# Moving Windows to a Virtualbox



## balanga (Feb 16, 2018)

Is anyone aware of a guide for moving Windows to a Virtualbox running under FreeBSD?

I want to do this on a ThinkPad X220 which has 8GB ram and is running Windows 7 on a 256GB mSata disk.

Here are the steps I think I need to perform...

1. Backup the disk using Clonezilla

2. Delete as much as I can from the current Windows installation

3. Backup the disk using Clonezilla again (in case I've deleted too much)

4. Shrink the current Windows partition as much as possible.

5. Create a Windows VHD (or whatever I need to load Windows in a Virtualbox)

6. Install FreeBSD on the mSata disk

7. Install all the required pkgs in FreeBSD

8. Run Virtualbox

9. Setup Vitualbox to run Windows

I'm a bit hazy about the specifics of some of these tasks, but have I missed anything out?

Any comments would be appreciated.


----------



## SirDice (Feb 16, 2018)

There are a few caveats when converting a physical Windows installation to a virtual one. 

https://www.virtualbox.org/wiki/Migrate_Windows


----------



## giahung1997 (Feb 16, 2018)

If I'm right VMWare has a tool to convert a fully functional Windows on physical hardware to virtual machine. You could search and try it.


----------



## balanga (Feb 17, 2018)

giahung1997 said:


> If I'm right VMWare has a tool to convert a fully functional Windows on physical hardware to virtual machine. You could search and try it.




I found this but would the image created work under FreeBSD's Virtualbox?


----------



## giahung1997 (Feb 17, 2018)

balanga said:


> I found this but would the image created work under FreeBSD's Virtualbox?

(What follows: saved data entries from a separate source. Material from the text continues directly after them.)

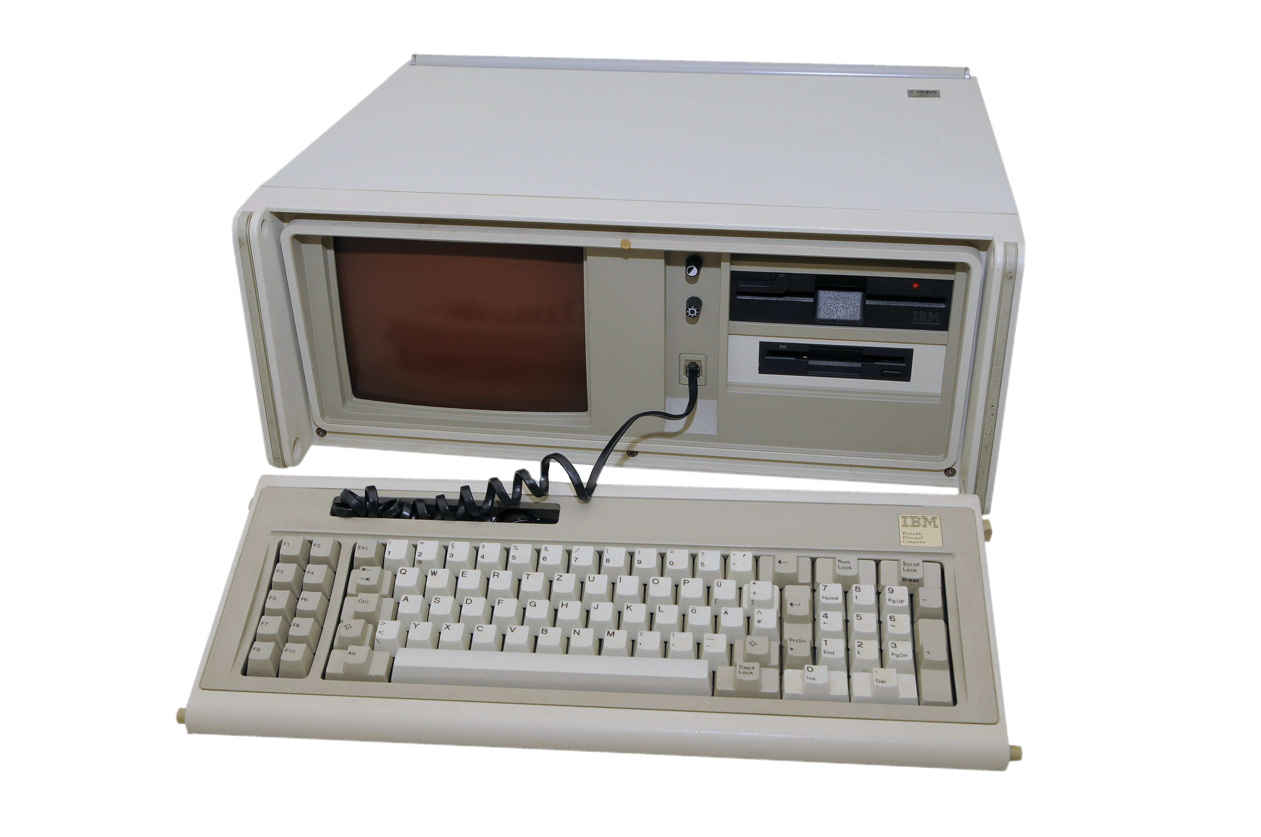 IBM portable PC, model 5155, 3 1/2 Inch disk drive was installed later. This PC was made in Greenock, Scotland, weight: 15 kilograms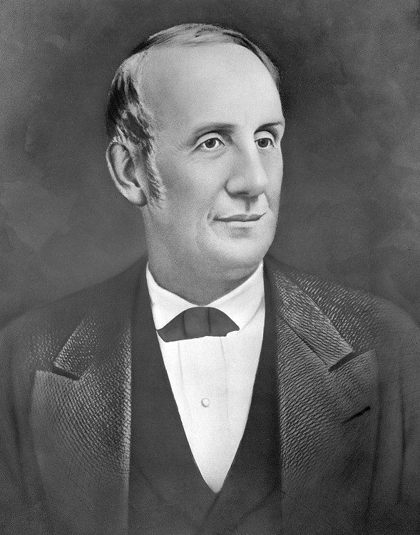 Portrait of former Mayor of Pittsburgh Jared M. Brush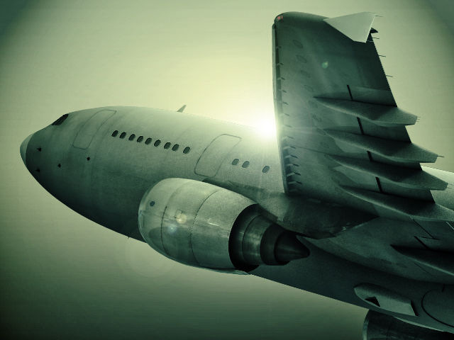 CGI Rendering of an Airbus A300. Rendered in mental ray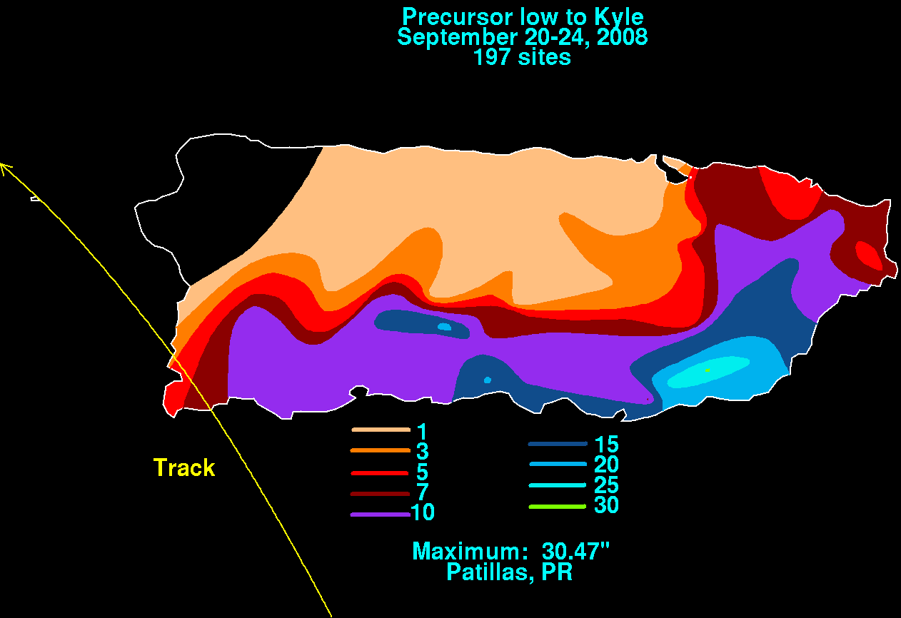 Storm total rainfall map of Hurricane Kyle during September 2008.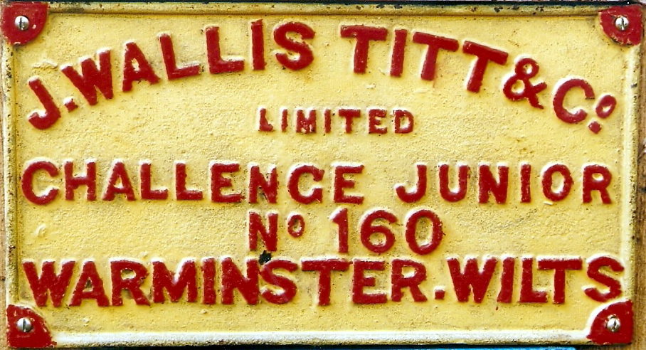 Identification plate for (unidentified) equipment manufactured by John Wallis Titt, seen at a steam rally in Wiltshire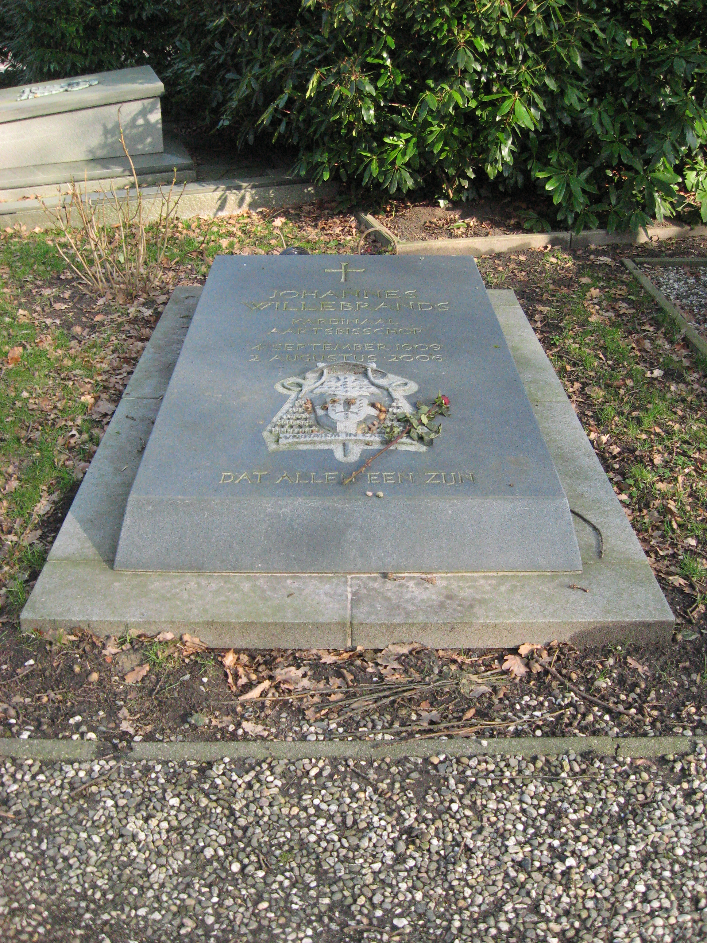 The grave of cardinal Johannes Willebrands, archbishop of Utrecht (1975-1983)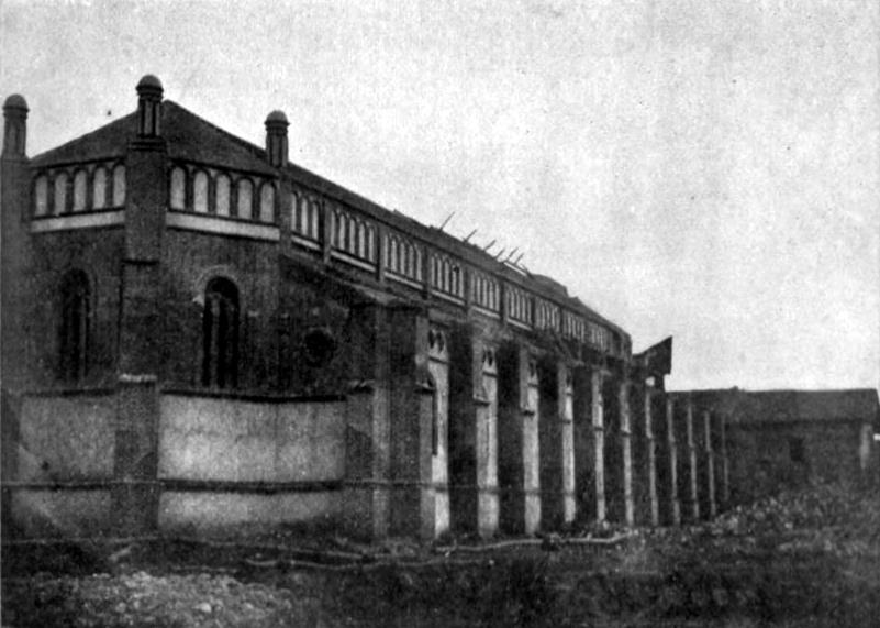 Bishop’s Palace, Mission of Our Lady of M’Pala (Tanganyika) - p. 196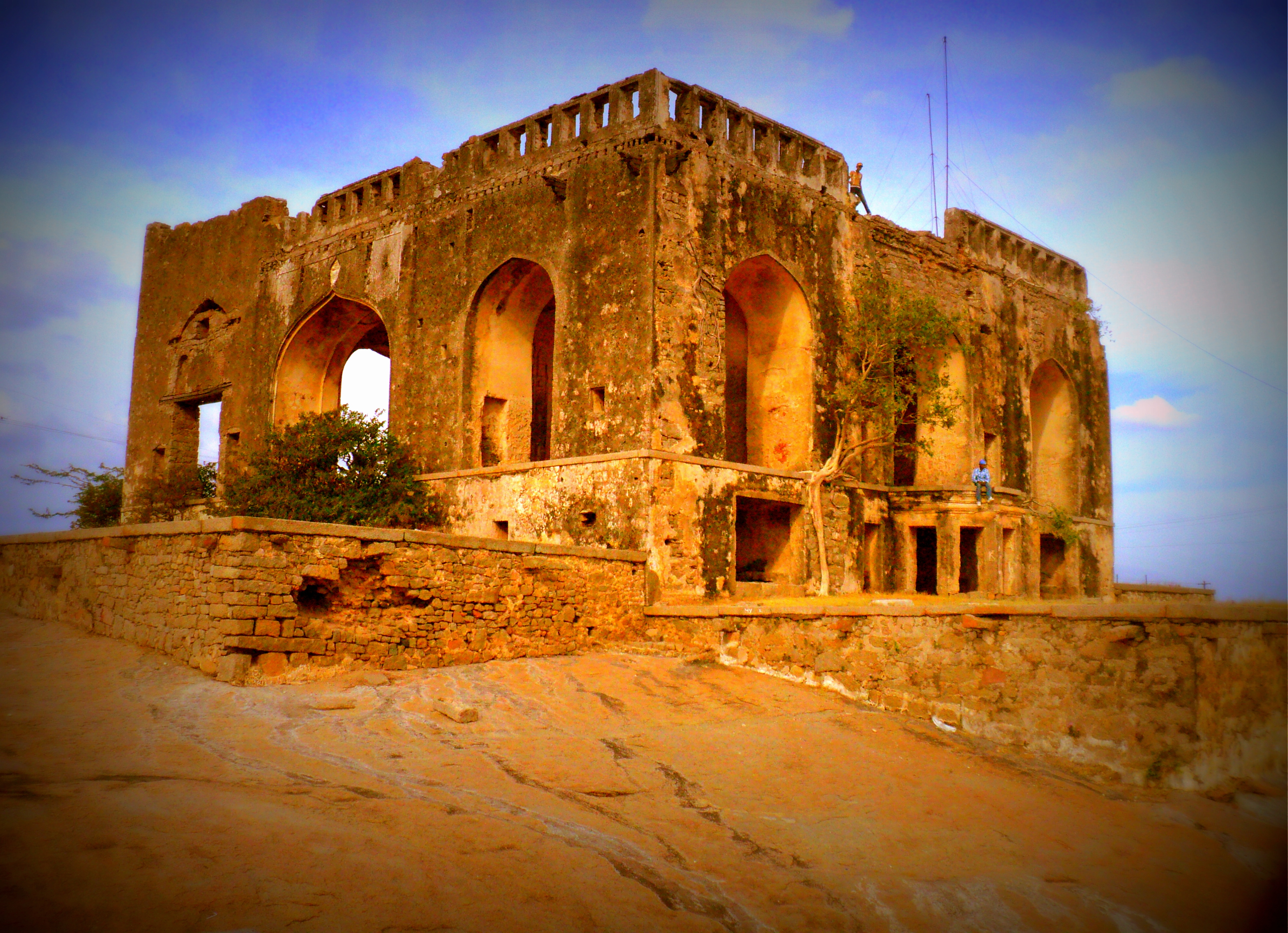 One of the primitive buildings in Bhongir Fort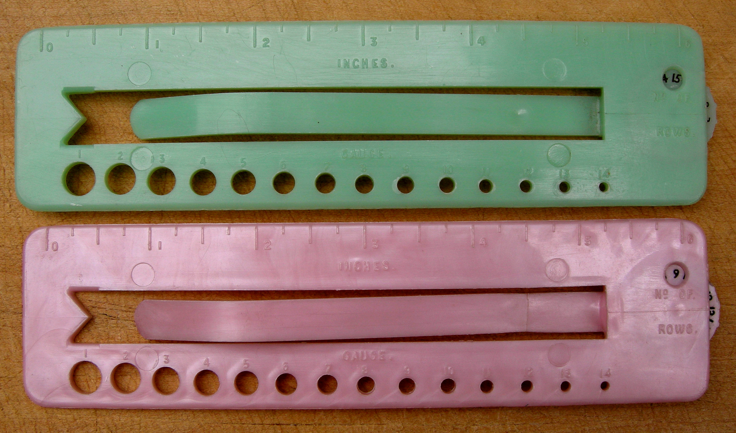 Green and pink bakelite knitting row counters of the 1930s. The counter registers 1-16 rows. The gadget also incorporates a pattern bookmark, a needle gauge for UK sizes 1-14 and a 6-inch rule. The front (as pictured) is labelled "inches", "gauge" and "no. of rows". The back says "Regd. design - pat applied for - made in England." As of 2010, the book mark spring on the green example was still springy and fully functional. The counter disc had lost friction, and could not be relied upon to maintain the number count if moved or stored. The book mark spring on the pink example was broken, but the row counter was still fully functional, with sufficient friction to maintain the count.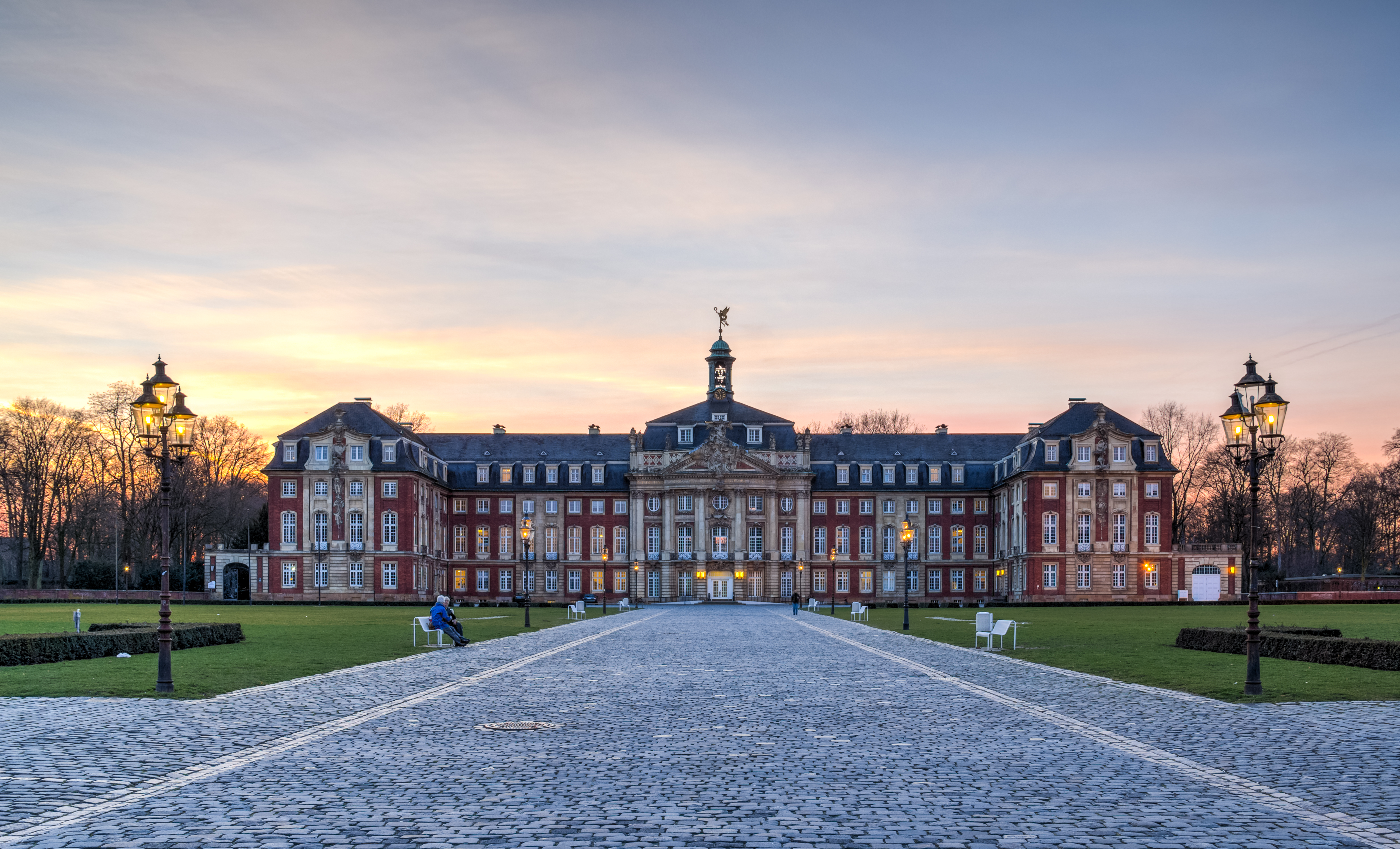 Prince Bishop's Castle Münster, Münster, North Rhine-Westphalia, Germany This image shows a heritage building in Germany, located in the North Rhine-Westphalian city Münster.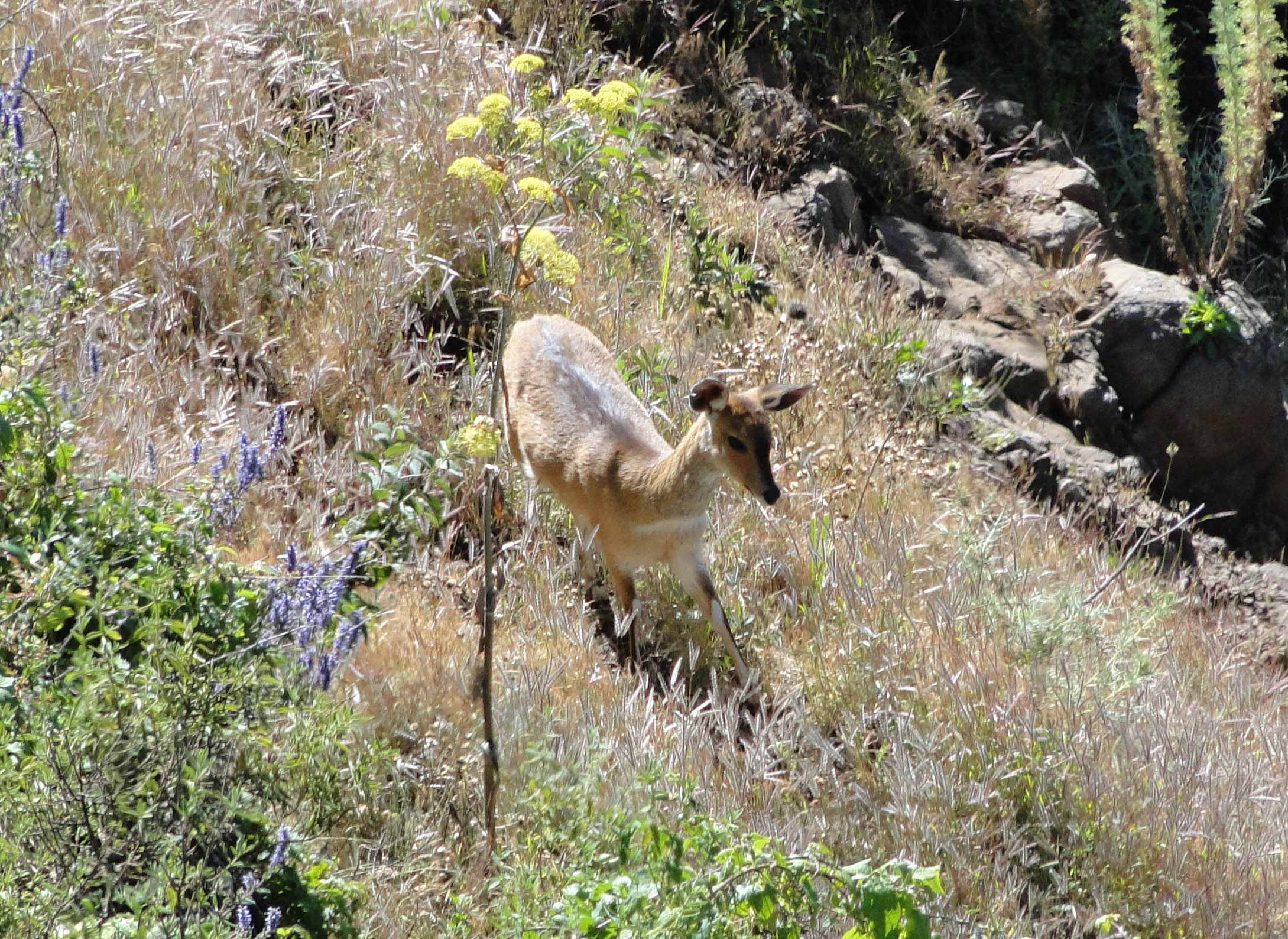 A Mountain nyala (Tragelaphus buxtoni) in the Simien Mountains National Park, Ethiopia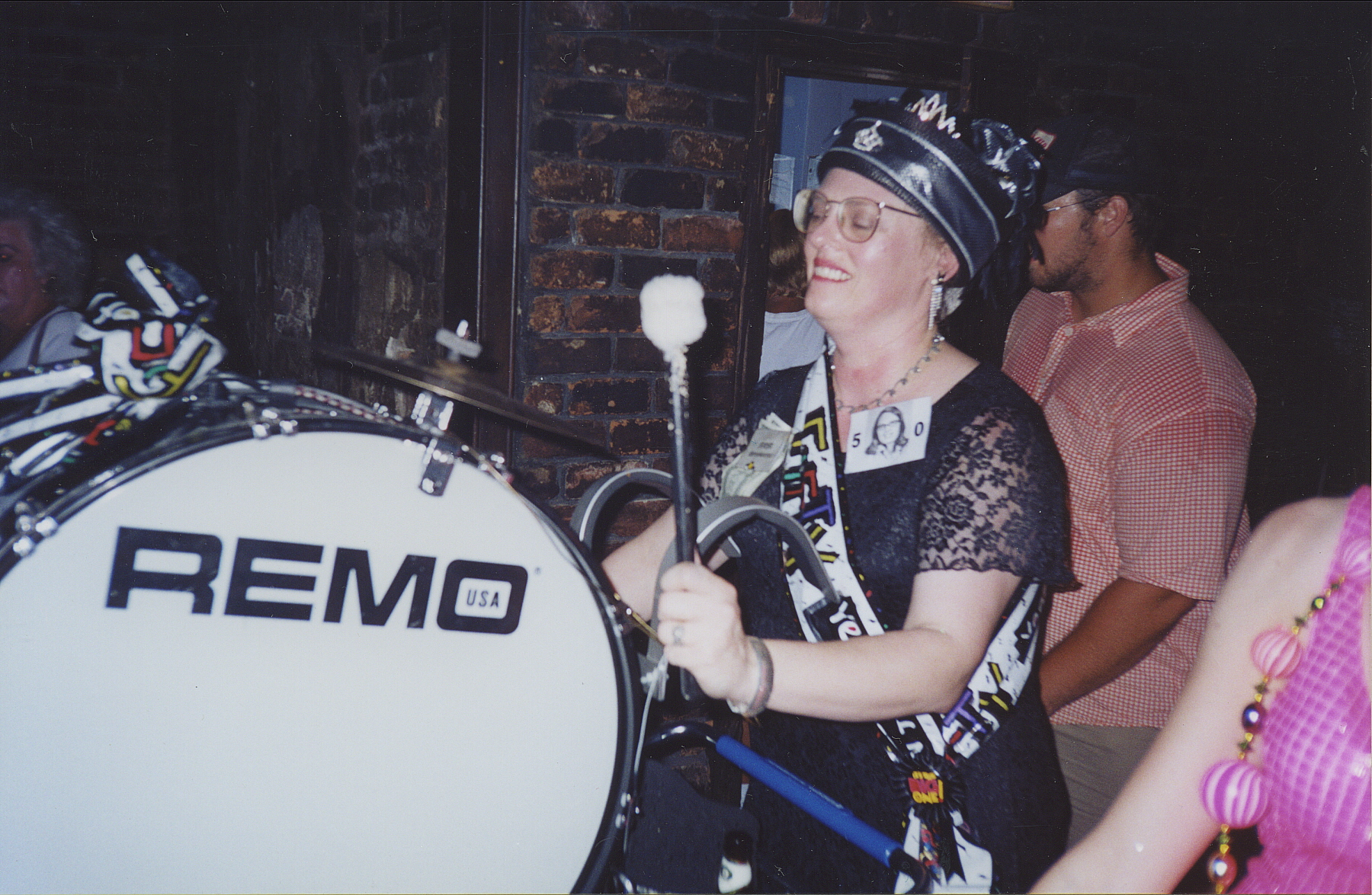 Bass drummer at New Orleans "Tumble" parade

I think this should be more accurate: https://kb.vmware.com/s/article/1018406
I came across the info vmware offer a tool to convert running system to vm easily but didn't care much so not bookmarked.
BTW, in vmware you convert the vm to .ova and you can import in in virtualbox.


----------



## balanga (Feb 17, 2018)

Can I download a copy of VMware Workstation? And what do I run it on? Is it available for FreeBSD?


----------



## aragats (Feb 17, 2018)

Since you haven't decided yet...
2.5 years ago I stopped using VirtualBox and completely switched to bhyve(8). I'm running a Windows domain workstation (Win7) in a corporate environment 24/7. Everything is fast and smooth. The only thing which is not implemented yet is the USB device pass-through. However, mass storage device can be easily mapped via xfreerdp(1) client.
The migration from physical to virtual was straight forward with sysprep (Windows command), you may not need it (I switched the host hardware). The physical disk image created with dd(1) can be used directly. Of course, you can shrink Windows partition before `dd` using the standard MS Disk Manager.


----------



## balanga (Feb 17, 2018)

I'll have to have a good look at bhyve(8) - it's something I've never investigated. Thanks for suggesting it.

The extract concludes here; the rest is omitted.